A characteristic of X-linked inheritance is that fathers cannot pass X-linked traits to their sons. A daughter will get either her mother's X chromosome with the hemophilia gene or her mother's X chromosome with the normal gene for clotting.
How are hemophilia A and B inherited passed? Copyright Notice.
Does this mean that the mother alone is the one responsible for having a child with hemophilia? This means that when the factor deficiency is inherited from only one is hemophilia sex linked recessive or dominant in Phoenix, the child will be a carrier of the condition, but usually not have symptoms.

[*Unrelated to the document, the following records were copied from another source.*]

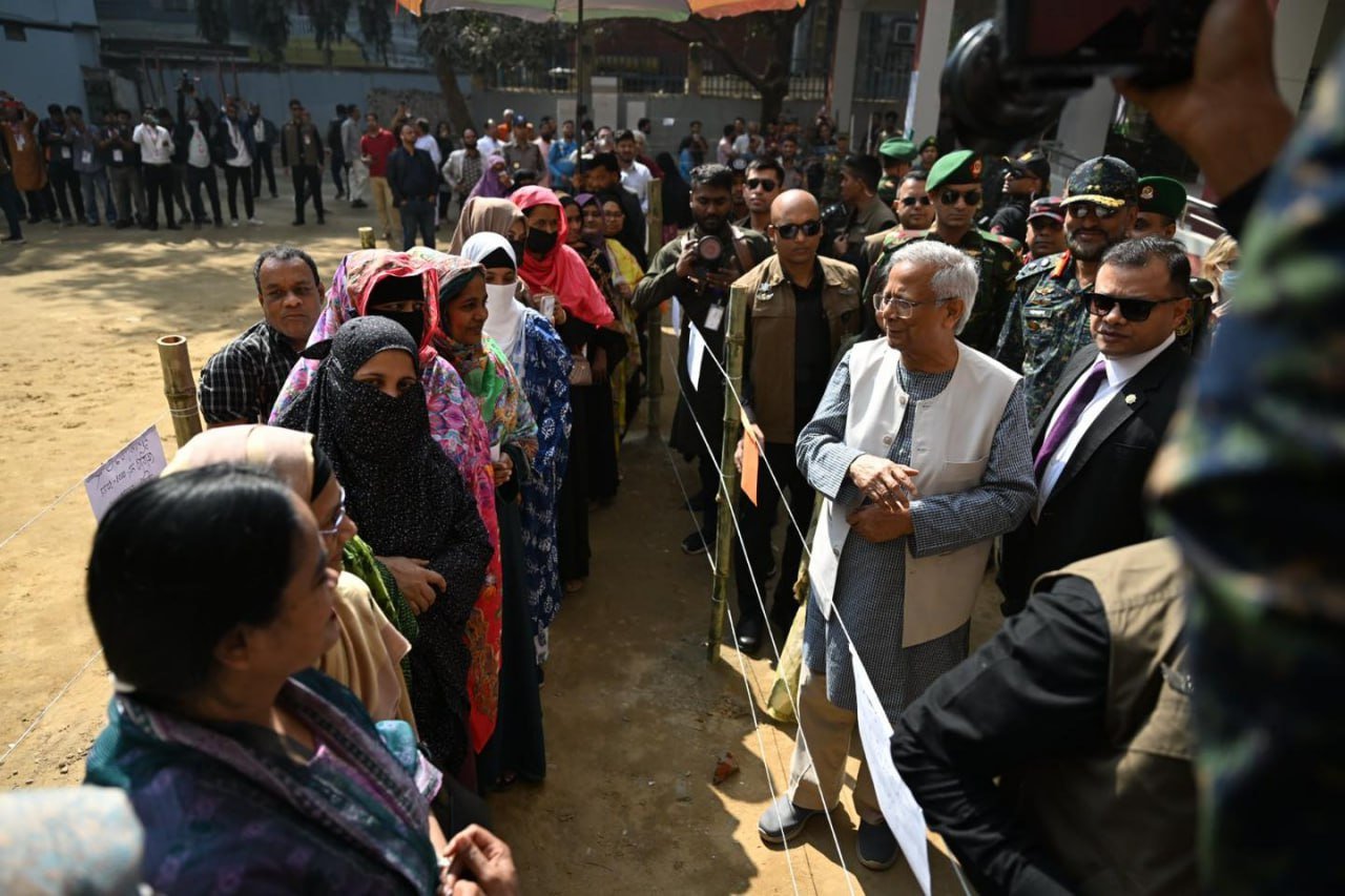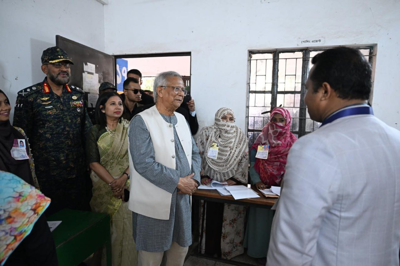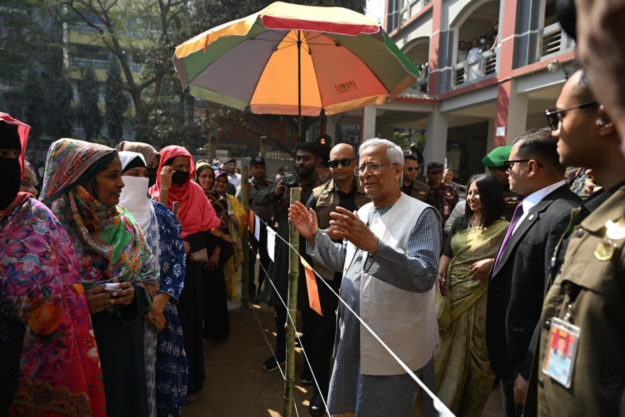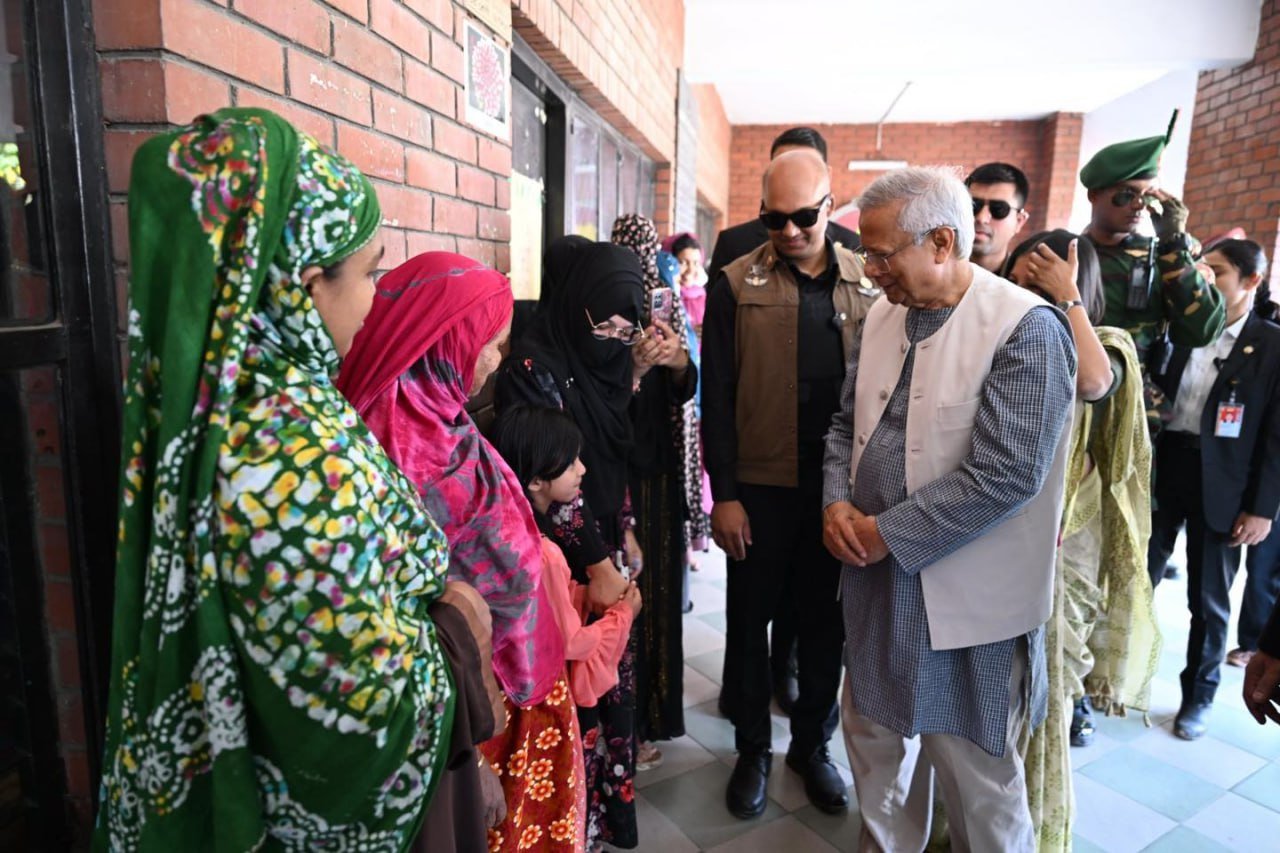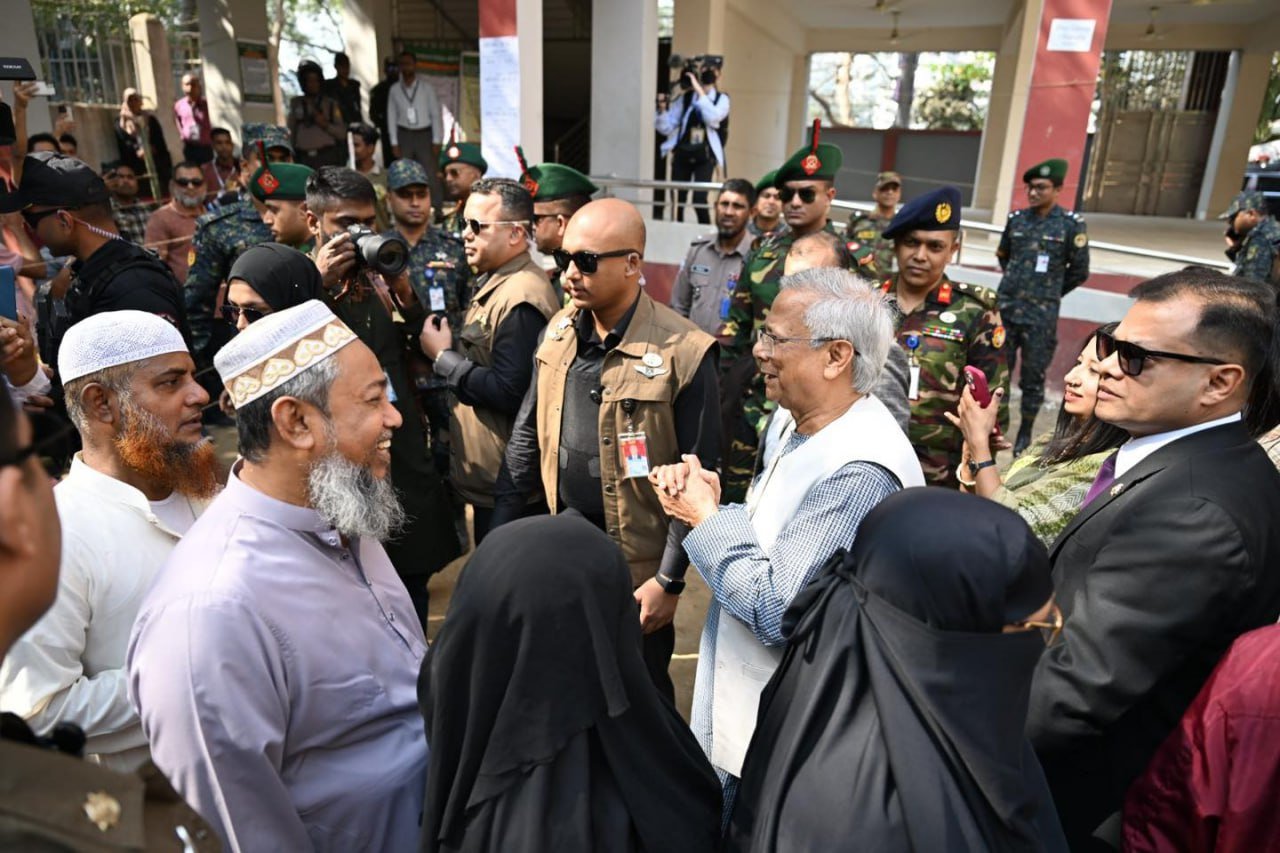 ဘင်္ဂလားဒေ့ရှ်နိုင်ငံရဲ့ အဓိကအကြံပေးပုဂ္ဂိုလ် (ယာယီအစိုးရအကြီးအကဲ) ပရော်ဖက်ဆာမိုဟာမက်ယူနွတ်စ်ဟာ ဒီနေ့မနက်ပိုင်းက ဒါကာမြို့ရှိ Gulshan Model School & College မဲရုံမှာ ကိုယ်တိုင်မဲပေးခဲ့ပါတယ်။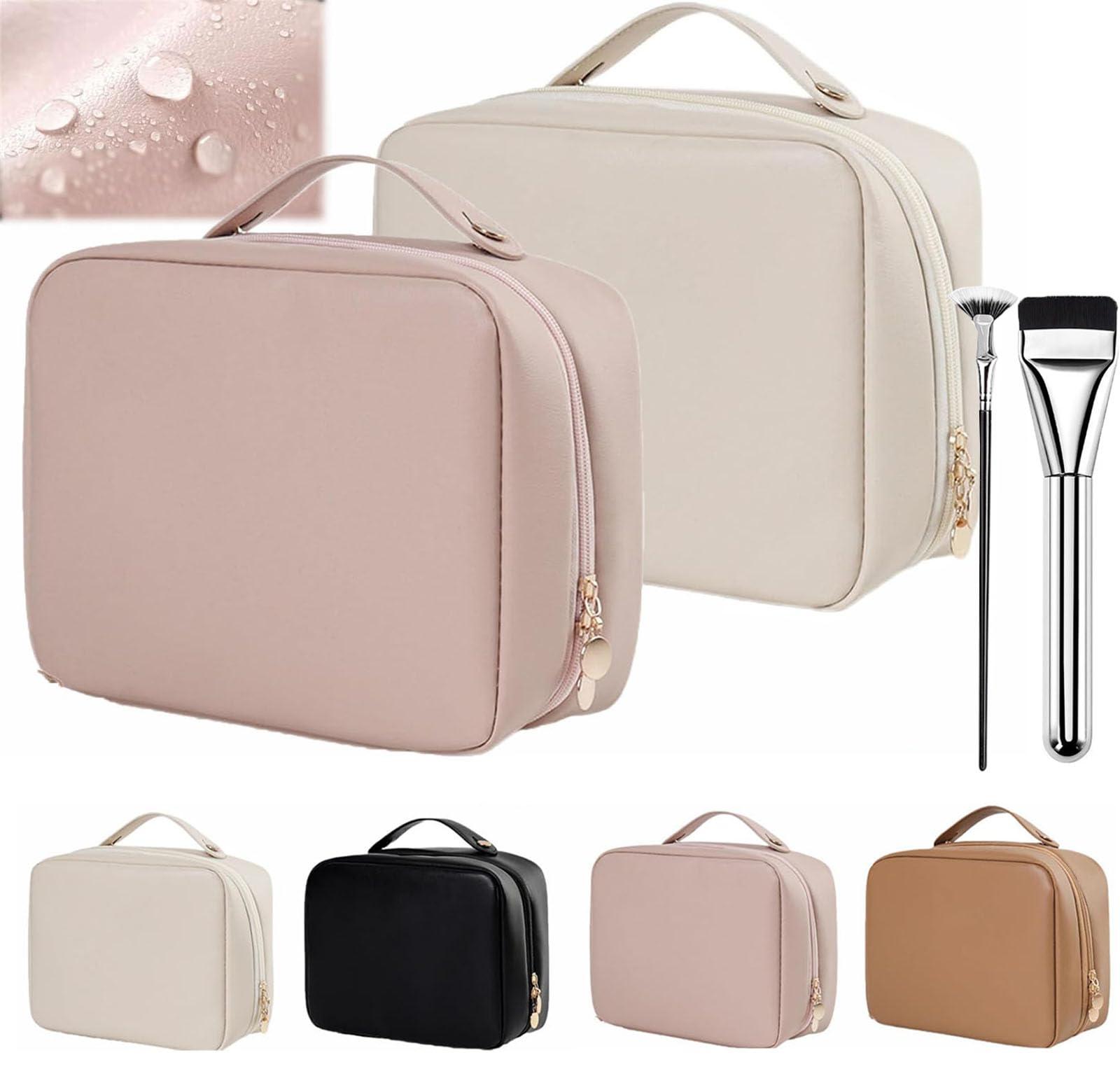 - Convenient handle, the leather makeup waterproof portable cosmetic bag's zippered opening is well designed, making it an easy-to-carry and very practical zipper bag.
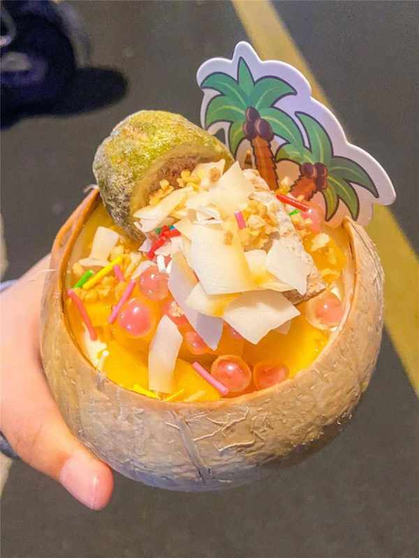 一整勺滿滿配料入口,椰子片、芒果、爆珠、無花果幹...每一個料都有獨特的味道,配上椰子凍一起咀嚼,這種甜入心扉的感覺,實在太妙瞭。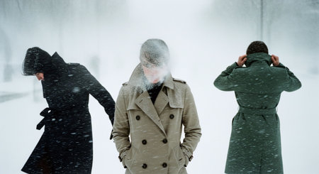 In a picturesque winter setting, a person is warmly dressed, facing the snowfall with resilience and poise.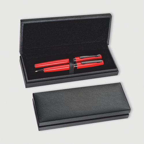 Metall-Schreibset bestehend aus einem Drehkugelschreiber mit Großraummine und einem Rollerball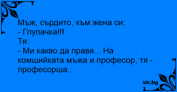 Мъж, сърдито, към жена си: - Глупачка!!! Тя: - Ми какво да правя... На комшийката мъжа и професор, тя - професорша...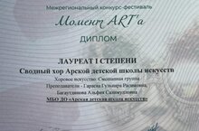 Арча балалар сәнгать мәктәбенең җыелма хоры Казанда узган Момент ART'a" Регионара бәйге-фестивалендә катнашып I дәрәҗә лауреат дипломына лаек булды. Җитәкчеләре Гәрәева Г.Р., Баһаветдинова А.С. -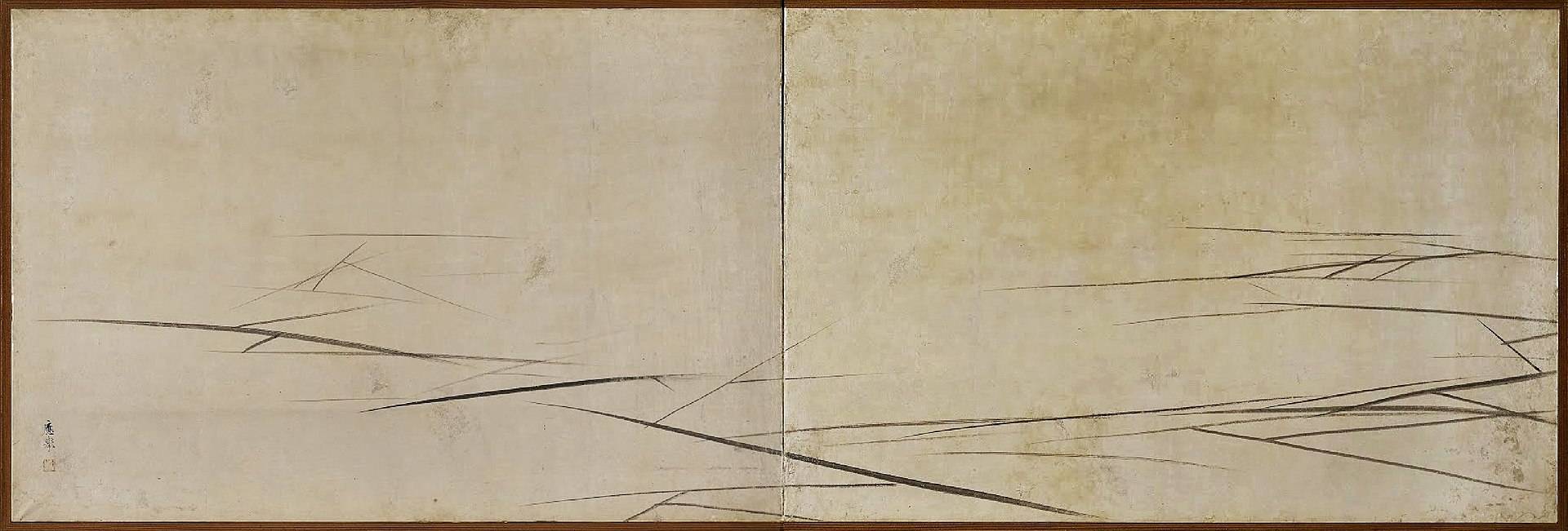 How remarkable that a few scattered lines can conjure up the image of a frozen lake, and even colourless can draw us to picture the heavy frosts of deepest winter. The human imagination is terrifyingly powerful; Cracked Ice is evidence of that. For despite its simplicity I find this painting utterly engrossing. Ōkyo's reduction of a natural scene to its most basic elements, to its fundamental essence, is typical of Chinese and Japanese landscape art. In this way it's more like poetry than art, more like a harmonic meditation than a representation of reality.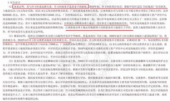 值得一提的是,歡派公司成立時間為2009年10月,結合上述證詞可以看出,歡派公司注冊時間、許玉恒安排建設標準化廠房時間在同一年,頗為巧合,歡派公司受讓土地的合規性令人關注。

Factor X deficiency was first discovered in a man with the surname Stuart from North Carolina. Diagnosis is made with a prothrombin time PT test and an activated partial thromboplastin time aPTT test. Bleeding can swell the base of the tongue until it blocks the airway, making breathing difficult.
We are unaware of most of them. Specific factor XIII assays can confirm the diagnosis.
The daughters are just as likely to be hemophilic as the sons. Sign In. Overview There are several X-linked or sex-linked recessive genetic disorders, hemophilia, muscular dystrophy which are inherited through a genetic defect on an X chromosome.